***** Data for review
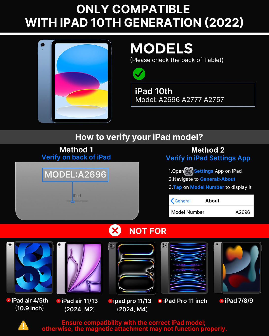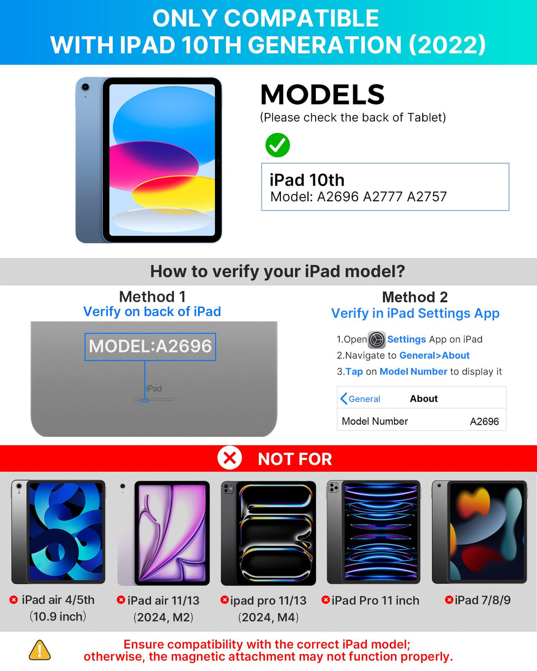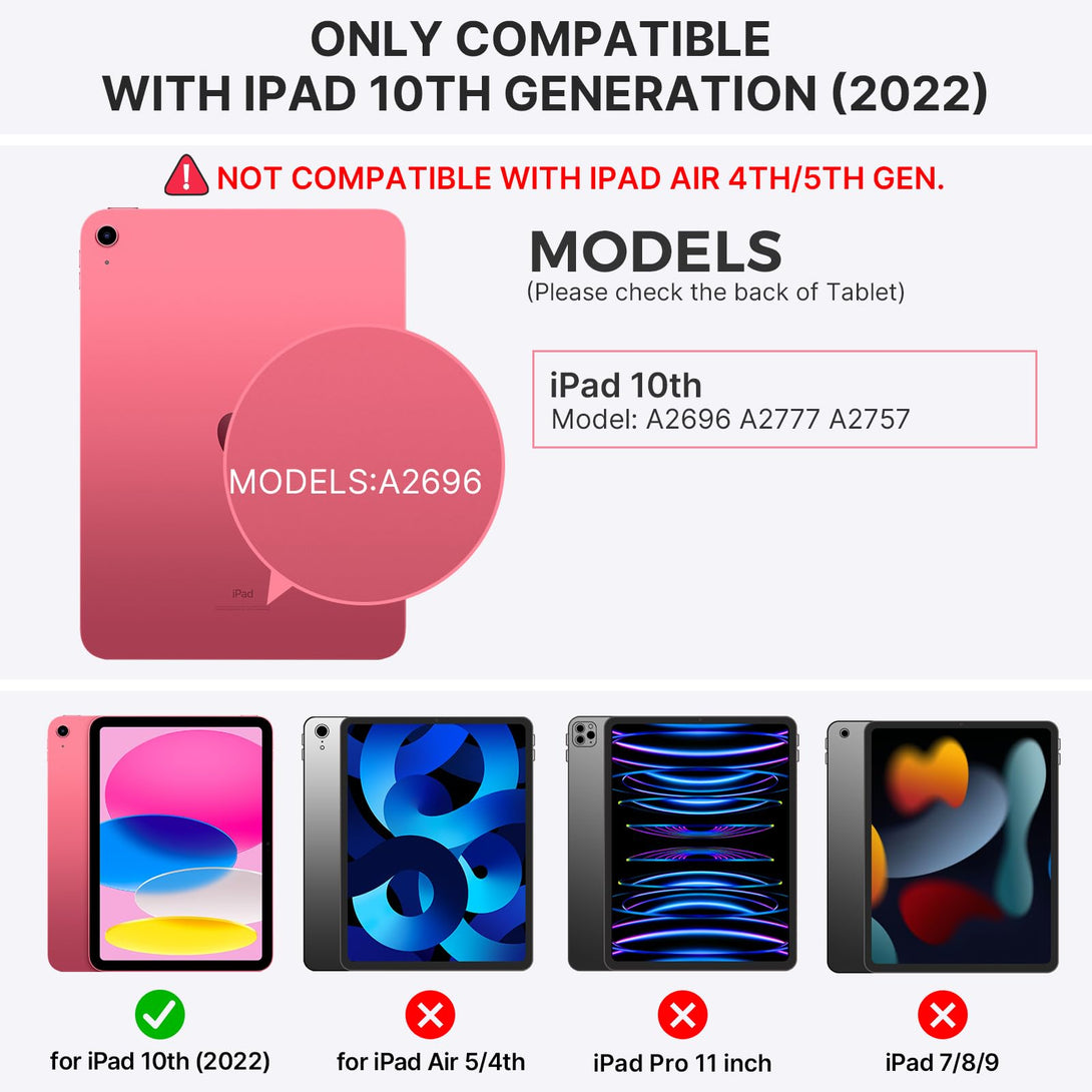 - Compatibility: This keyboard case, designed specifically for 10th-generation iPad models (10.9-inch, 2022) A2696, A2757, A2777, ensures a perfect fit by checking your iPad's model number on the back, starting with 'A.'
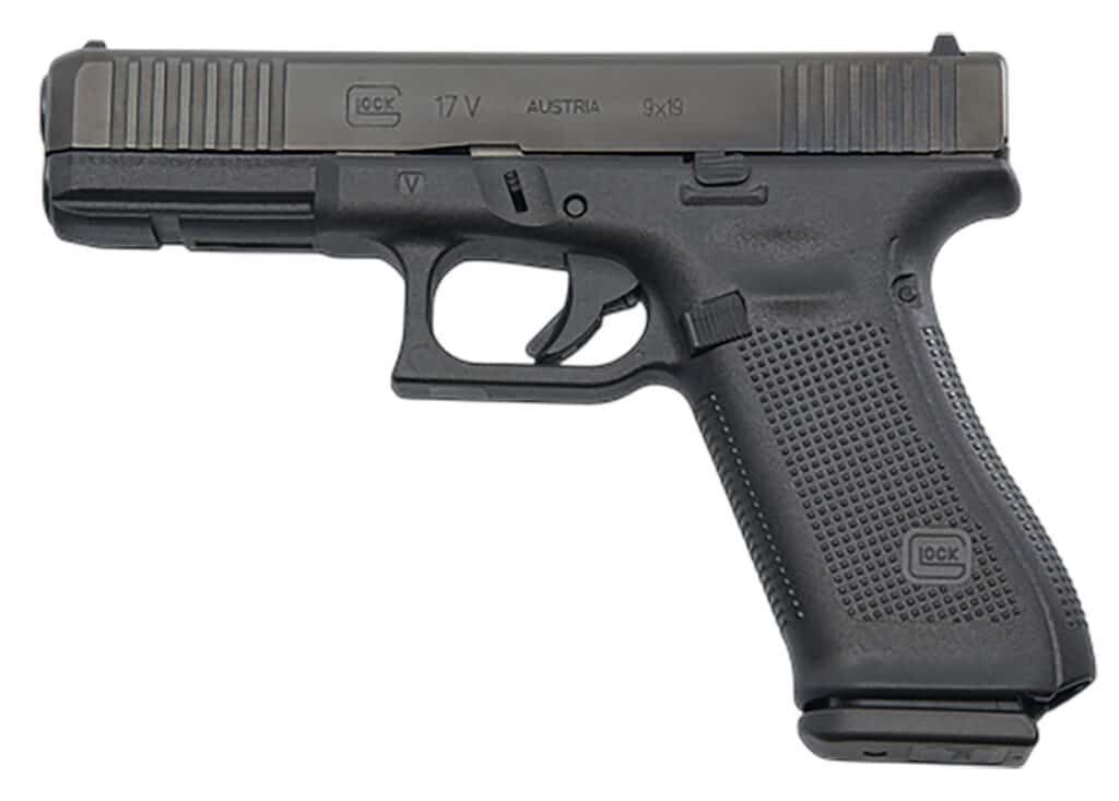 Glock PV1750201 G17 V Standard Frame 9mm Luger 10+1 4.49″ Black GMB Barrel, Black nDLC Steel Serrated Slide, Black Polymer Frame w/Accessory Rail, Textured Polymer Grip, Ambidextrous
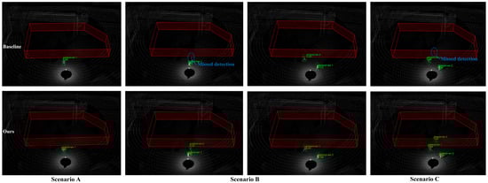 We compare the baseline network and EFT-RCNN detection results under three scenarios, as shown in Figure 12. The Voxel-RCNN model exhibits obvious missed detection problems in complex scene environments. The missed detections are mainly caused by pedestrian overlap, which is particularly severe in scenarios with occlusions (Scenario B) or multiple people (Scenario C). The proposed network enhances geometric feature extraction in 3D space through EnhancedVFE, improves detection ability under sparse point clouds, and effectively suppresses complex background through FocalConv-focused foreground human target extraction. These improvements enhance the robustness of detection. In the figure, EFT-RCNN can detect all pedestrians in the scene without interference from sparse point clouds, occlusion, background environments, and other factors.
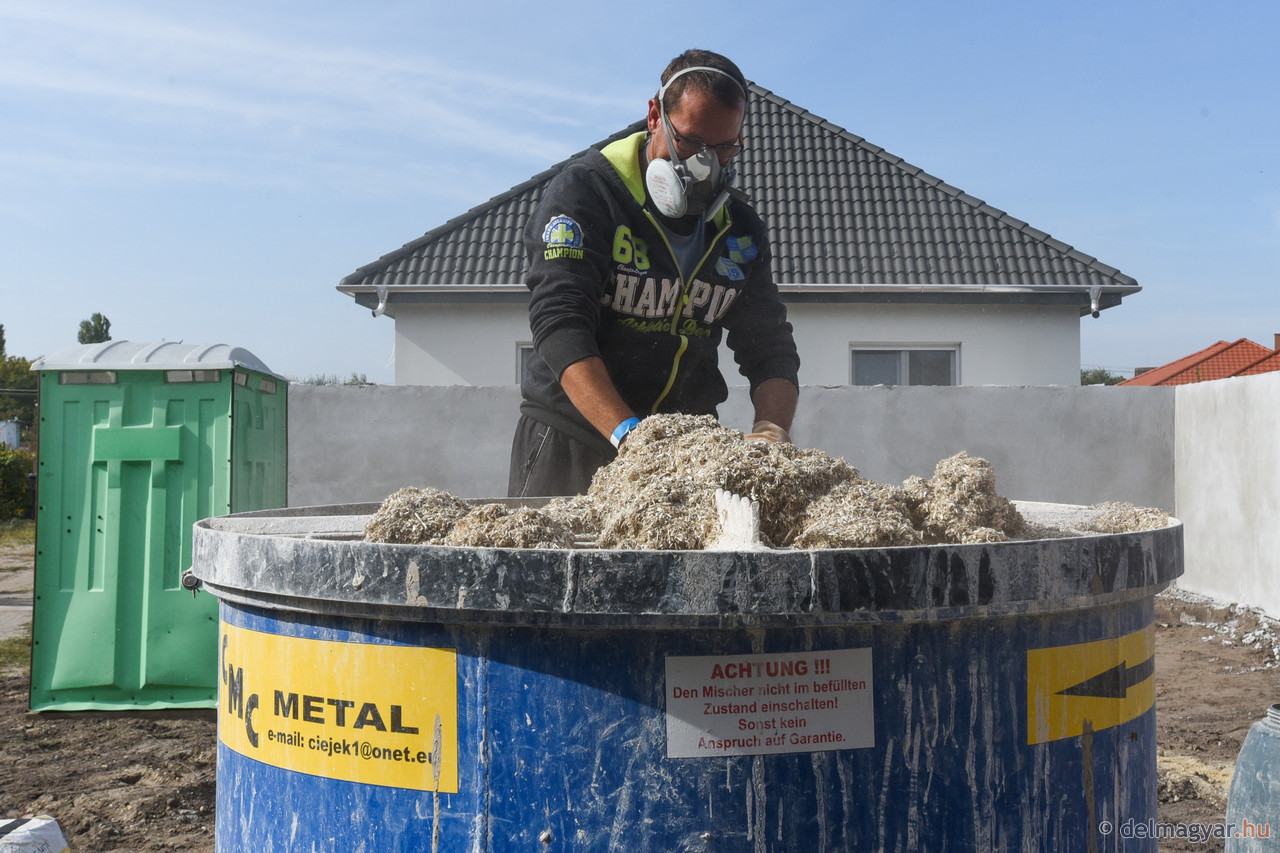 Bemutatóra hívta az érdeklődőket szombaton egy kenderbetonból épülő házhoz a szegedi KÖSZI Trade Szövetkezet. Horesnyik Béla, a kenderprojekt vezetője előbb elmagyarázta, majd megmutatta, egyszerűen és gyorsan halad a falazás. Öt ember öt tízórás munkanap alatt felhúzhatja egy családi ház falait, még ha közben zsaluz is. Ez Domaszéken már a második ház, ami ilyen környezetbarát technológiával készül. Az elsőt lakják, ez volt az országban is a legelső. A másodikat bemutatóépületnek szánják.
**********
***** Data for review
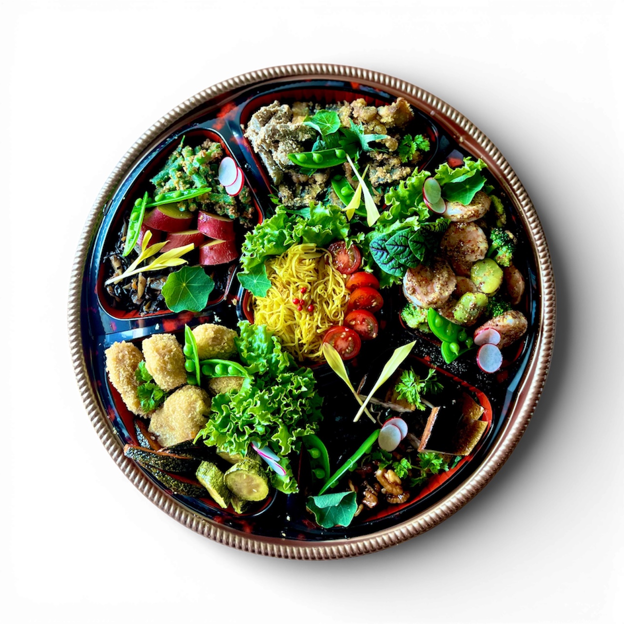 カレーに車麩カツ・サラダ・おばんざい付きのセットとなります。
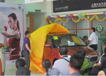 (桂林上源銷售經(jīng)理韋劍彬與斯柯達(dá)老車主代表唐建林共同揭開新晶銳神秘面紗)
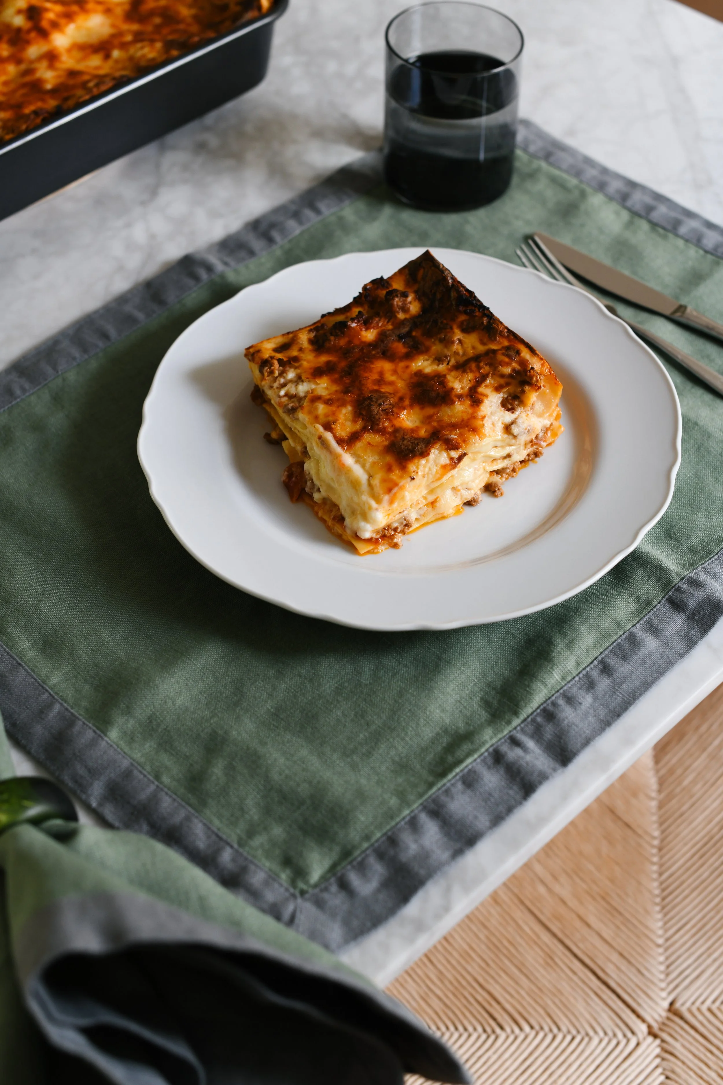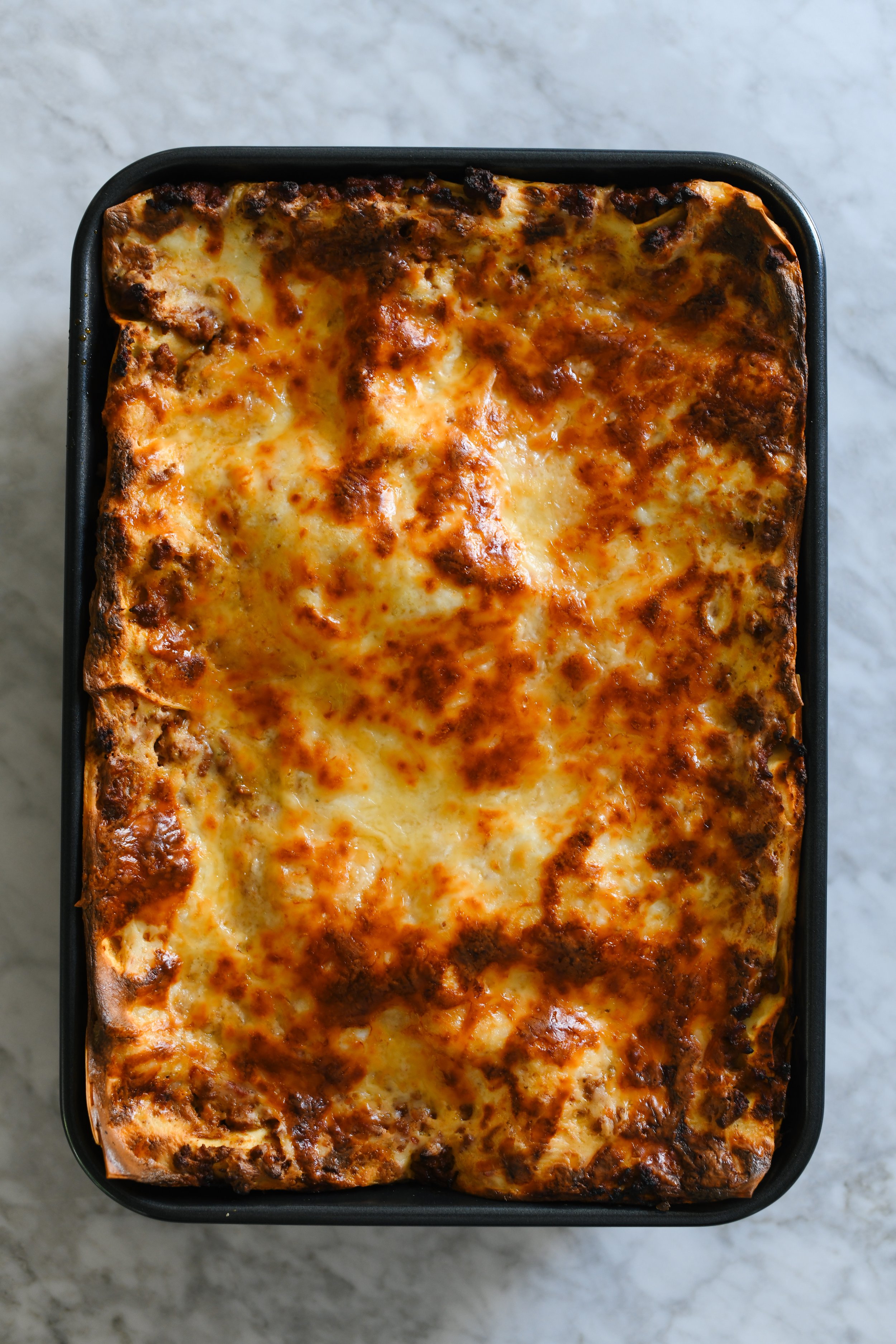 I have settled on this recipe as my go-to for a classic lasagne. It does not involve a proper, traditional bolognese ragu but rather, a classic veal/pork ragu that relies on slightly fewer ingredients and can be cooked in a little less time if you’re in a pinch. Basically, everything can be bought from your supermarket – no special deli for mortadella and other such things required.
**********
### What you will do
Write out exactly the lines above between the one with "カレーに車麩カツ・サラダ・おばんざい付きのセットとなります。" and the one with "I have settled", inclusive, with pictures left out.

### Expected answer
 カレーに車麩カツ・サラダ・おばんざい付きのセットとなります。
 (桂林上源銷售經(jīng)理韋劍彬與斯柯達(dá)老車主代表唐建林共同揭開新晶銳神秘面紗)
 I have settled on this recipe as my go-to for a classic lasagne. It does not involve a proper, traditional bolognese ragu but rather, a classic veal/pork ragu that relies on slightly fewer ingredients and can be cooked in a little less time if you’re in a pinch. Basically, everything can be bought from your supermarket – no special deli for mortadella and other such things required.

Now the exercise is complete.